▶ **Work to be completed**:
Write back every entry exactly as it reads, with the pictures left behind.

▶ **Dataset entries**:
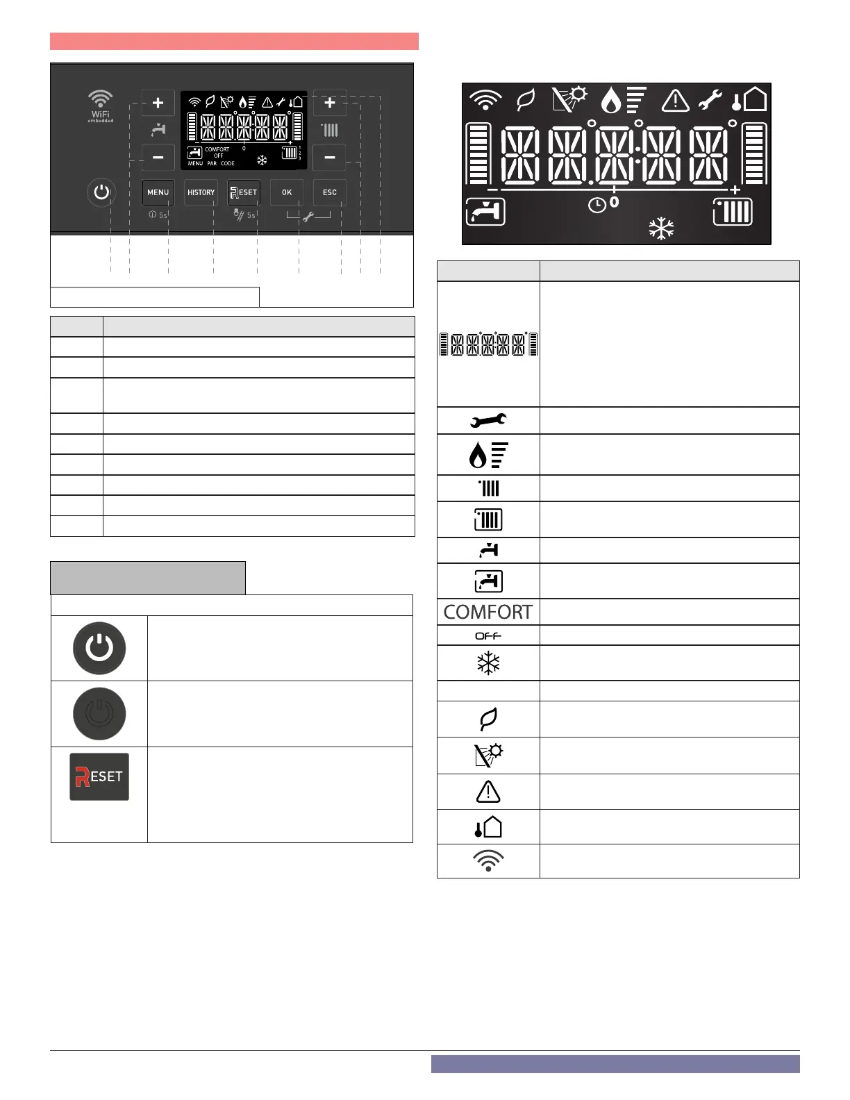 The button lights (white) when the boiler is
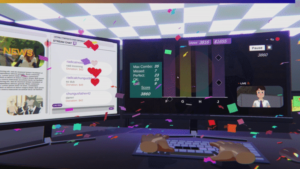 It act's as a traditional rhythm game with a combo, score etc. However, because you’re simultaneously streaming the game for your fans the better you score, or higher the combo is the more views you will attract. Similarly if you spend too much time working, your viewership will decrease. The higher your viewership, the more chat donations you will receive. You can use the money to spend at the store to buy power ups or decorations to modify your office space or surroundings, that may or may not keep the boss away.
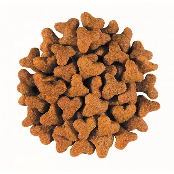 ZLOŽENIE: ryža, dehydratované hydinové bielkoviny, kukurica, pšeničný lepok*, živočíšne tuky, kukuričný lepok, semená a plevy psyllia (6 %), hydrolyzovaná hydinová pečeň, čakanková vláknina, minerálne látky, sušená vaječná hmota, rybí tuk, sójový olej, kvasnicové produkty, mono- a diglyceridy kyselín palmitovej a stearovej esterifikované kyselinou citrónovou, frukto-oligosacharidy (0,47 %), hydrolyzované kvasnice (zdroj mannán-oligosacharidov) (0,19 %), výťažok z nechtíka lekárskeho (zdroj luteínu).
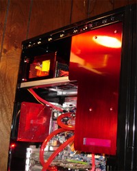 I did some playing with an MI logo on the side optical drive cover. Simply printed the logo out on projector film and used clear coat to hold it in place. The first time through this worked like a charm. I wasn’t able to reproduce it so easily on the second attempt when I tried to do the same thing on the side cover with the extra length for the LCD.
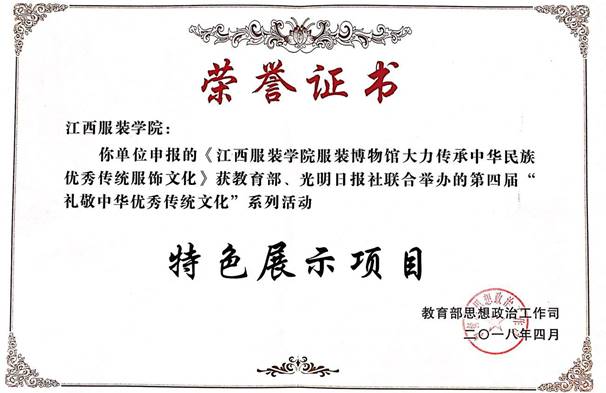 我校中华服饰博物馆已先后荣获由省委宣传部和省社会科学界联合会评选授予的“江西省优秀社科普及宣传基地”,被评为“全国社会科学普及教育基地”、教育部“中华优秀传统文化特色展示项目”(江西唯一)等。省文化厅已批准建立“中华服饰文化中心”。

▶ **Answer box**:
 The button lights (white) when the boiler is
 It act's as a traditional rhythm game with a combo, score etc. However, because you’re simultaneously streaming the game for your fans the better you score, or higher the combo is the more views you will attract. Similarly if you spend too much time working, your viewership will decrease. The higher your viewership, the more chat donations you will receive. You can use the money to spend at the store to buy power ups or decorations to modify your office space or surroundings, that may or may not keep the boss away.
 ZLOŽENIE: ryža, dehydratované hydinové bielkoviny, kukurica, pšeničný lepok*, živočíšne tuky, kukuričný lepok, semená a plevy psyllia (6 %), hydrolyzovaná hydinová pečeň, čakanková vláknina, minerálne látky, sušená vaječná hmota, rybí tuk, sójový olej, kvasnicové produkty, mono- a diglyceridy kyselín palmitovej a stearovej esterifikované kyselinou citrónovou, frukto-oligosacharidy (0,47 %), hydrolyzované kvasnice (zdroj mannán-oligosacharidov) (0,19 %), výťažok z nechtíka lekárskeho (zdroj luteínu).
 I did some playing with an MI logo on the side optical drive cover. Simply printed the logo out on projector film and used clear coat to hold it in place. The first time through this worked like a charm. I wasn’t able to reproduce it so easily on the second attempt when I tried to do the same thing on the side cover with the extra length for the LCD.
 我校中华服饰博物馆已先后荣获由省委宣传部和省社会科学界联合会评选授予的“江西省优秀社科普及宣传基地”,被评为“全国社会科学普及教育基地”、教育部“中华优秀传统文化特色展示项目”(江西唯一)等。省文化厅已批准建立“中华服饰文化中心”。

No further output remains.